**Work item:** Take the records below and set down exactly the lines from the one with "The effect of" to the one with "ナイジェル・ケーボン氏はミリ", ends included; do not copy the pictures.

**Data shown:**

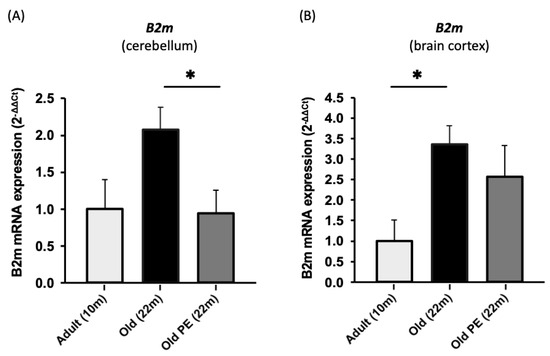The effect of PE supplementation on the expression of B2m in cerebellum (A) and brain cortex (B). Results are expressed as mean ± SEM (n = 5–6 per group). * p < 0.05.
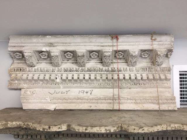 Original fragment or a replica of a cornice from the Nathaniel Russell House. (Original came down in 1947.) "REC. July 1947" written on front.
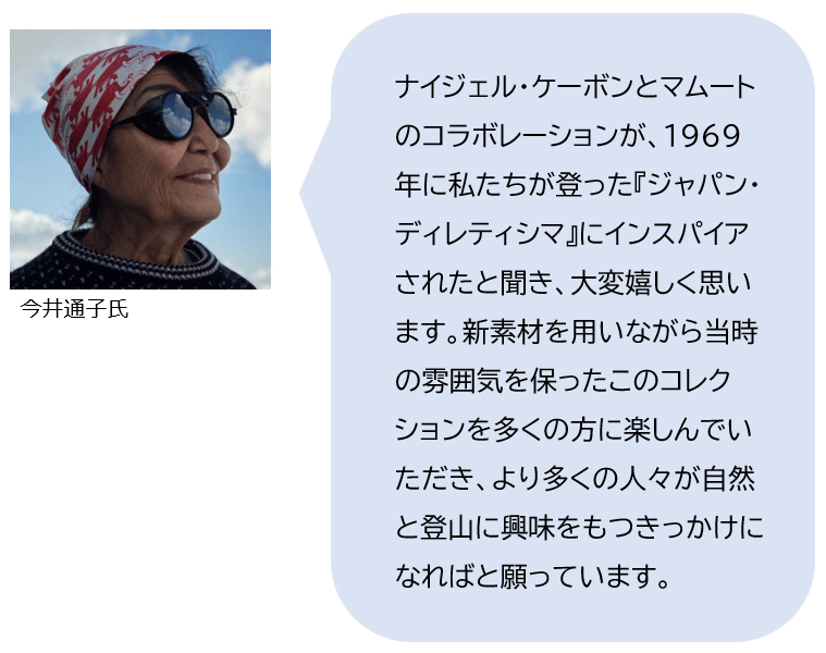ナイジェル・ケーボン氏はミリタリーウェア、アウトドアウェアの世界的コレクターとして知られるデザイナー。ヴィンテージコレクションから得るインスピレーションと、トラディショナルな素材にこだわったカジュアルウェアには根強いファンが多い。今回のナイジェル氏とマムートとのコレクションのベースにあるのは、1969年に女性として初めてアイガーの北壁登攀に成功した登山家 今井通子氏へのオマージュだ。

--

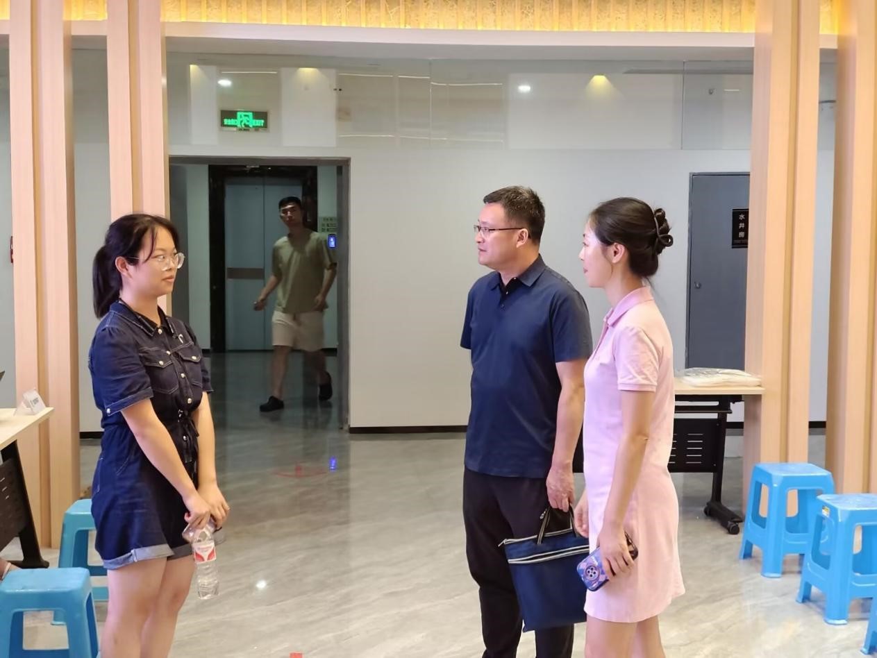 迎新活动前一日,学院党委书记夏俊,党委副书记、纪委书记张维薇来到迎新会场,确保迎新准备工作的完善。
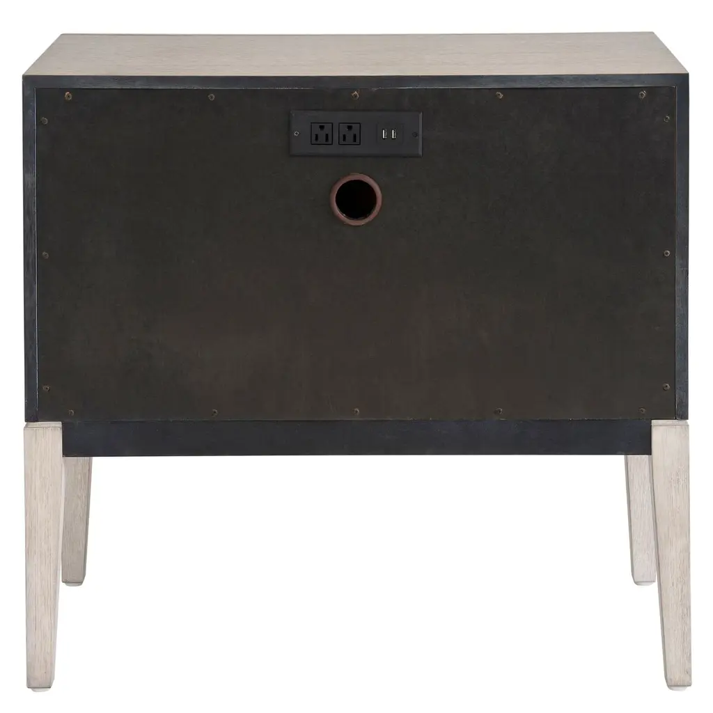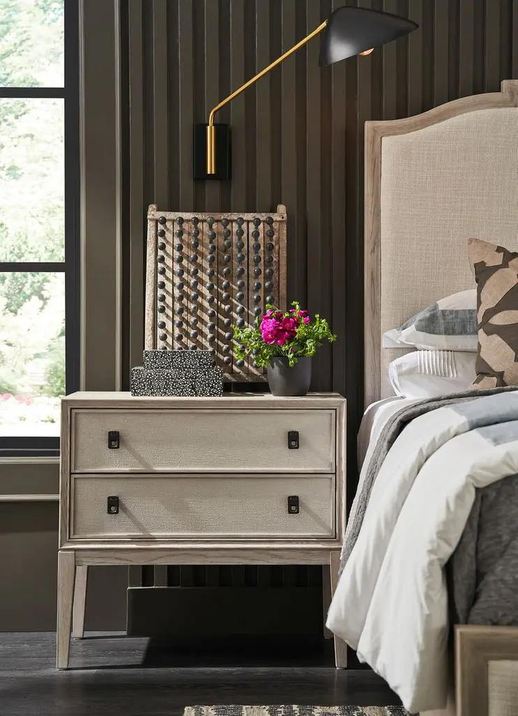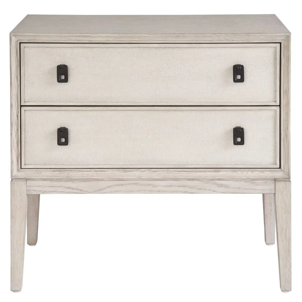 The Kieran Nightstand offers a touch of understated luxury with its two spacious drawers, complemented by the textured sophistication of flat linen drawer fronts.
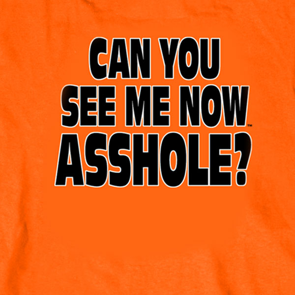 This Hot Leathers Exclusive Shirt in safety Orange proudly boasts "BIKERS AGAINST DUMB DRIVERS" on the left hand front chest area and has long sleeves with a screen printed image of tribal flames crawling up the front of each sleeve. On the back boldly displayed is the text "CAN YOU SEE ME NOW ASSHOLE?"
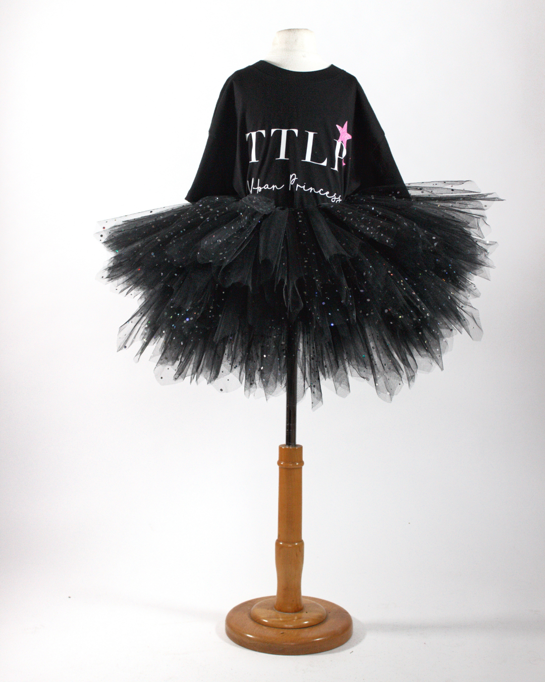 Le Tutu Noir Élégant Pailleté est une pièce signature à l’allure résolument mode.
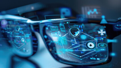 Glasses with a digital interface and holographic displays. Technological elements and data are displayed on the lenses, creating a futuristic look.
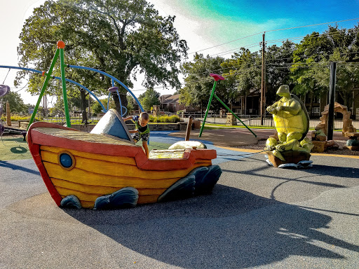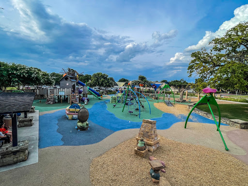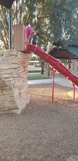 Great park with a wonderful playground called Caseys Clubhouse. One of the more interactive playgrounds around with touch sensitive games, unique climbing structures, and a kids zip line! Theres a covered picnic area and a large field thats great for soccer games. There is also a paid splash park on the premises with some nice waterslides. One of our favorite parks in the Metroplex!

---

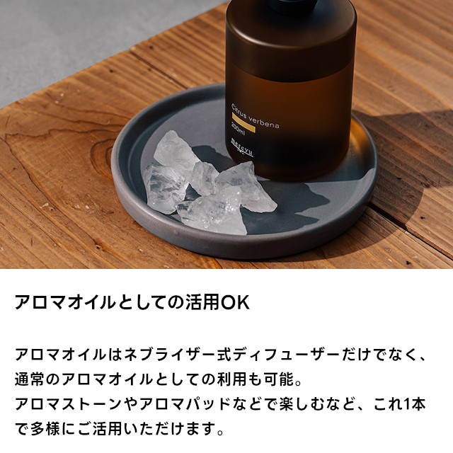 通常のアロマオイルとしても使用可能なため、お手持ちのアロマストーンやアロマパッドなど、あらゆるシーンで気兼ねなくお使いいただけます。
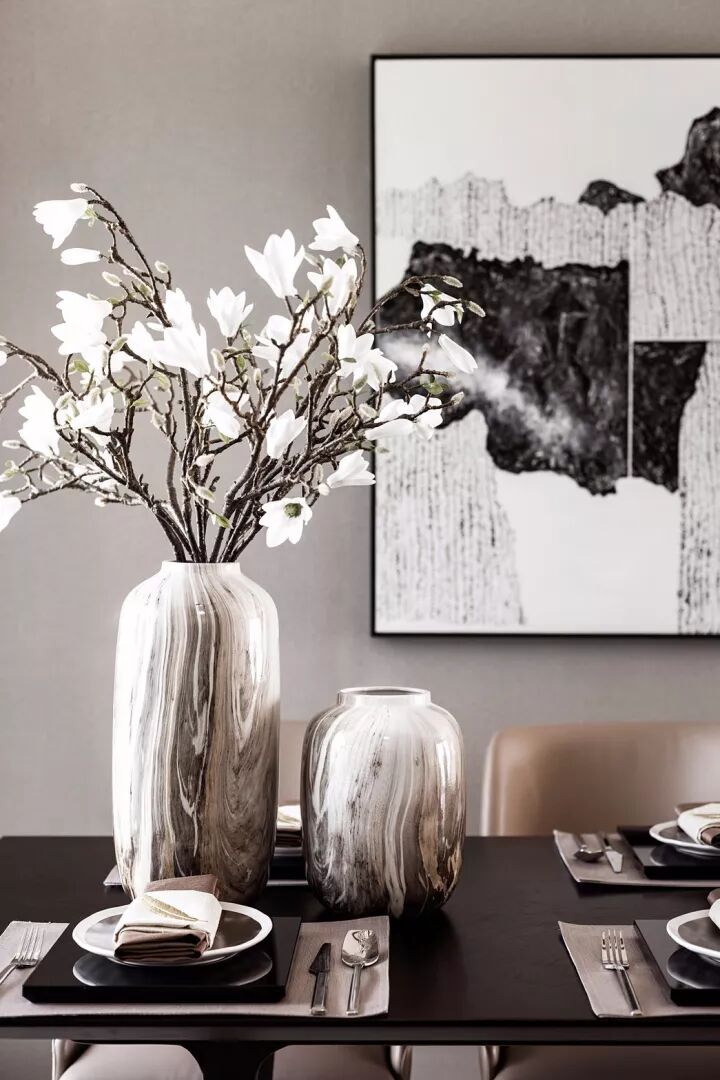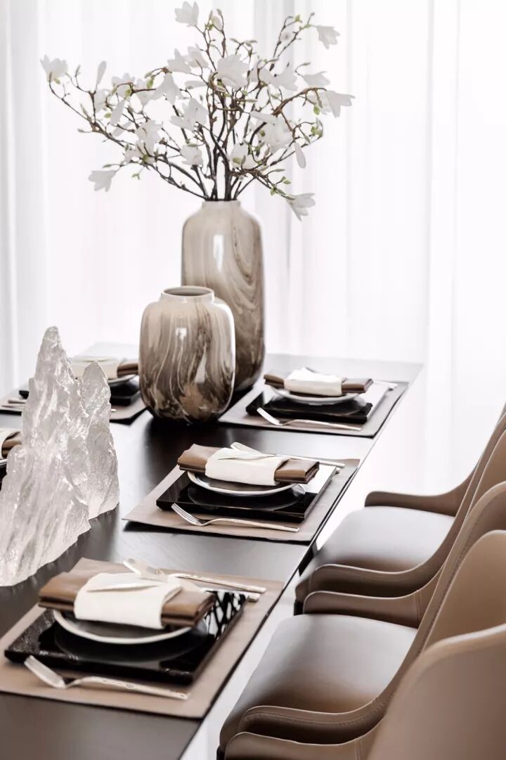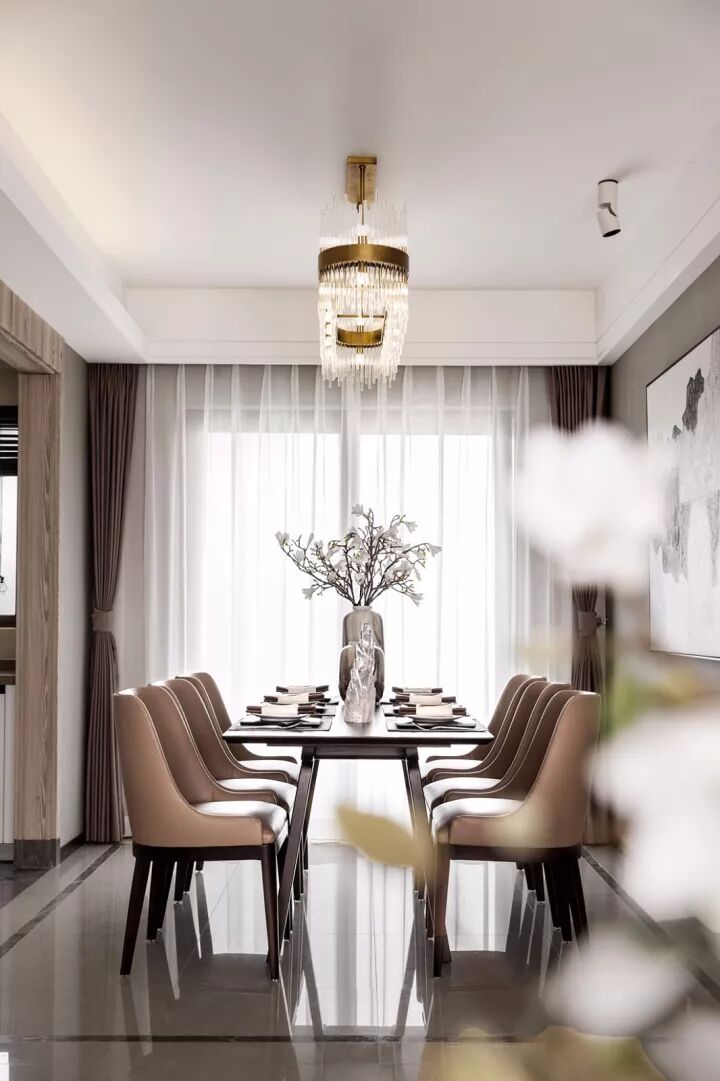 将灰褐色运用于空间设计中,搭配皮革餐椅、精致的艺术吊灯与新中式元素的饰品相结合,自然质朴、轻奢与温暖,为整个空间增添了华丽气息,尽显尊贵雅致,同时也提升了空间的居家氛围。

**Your response:**
The effect of PE supplementation on the expression of B2m in cerebellum (A) and brain cortex (B). Results are expressed as mean ± SEM (n = 5–6 per group). * p < 0.05.
 Original fragment or a replica of a cornice from the Nathaniel Russell House. (Original came down in 1947.) "REC. July 1947" written on front.
ナイジェル・ケーボン氏はミリタリーウェア、アウトドアウェアの世界的コレクターとして知られるデザイナー。ヴィンテージコレクションから得るインスピレーションと、トラディショナルな素材にこだわったカジュアルウェアには根強いファンが多い。今回のナイジェル氏とマムートとのコレクションのベースにあるのは、1969年に女性として初めてアイガーの北壁登攀に成功した登山家 今井通子氏へのオマージュだ。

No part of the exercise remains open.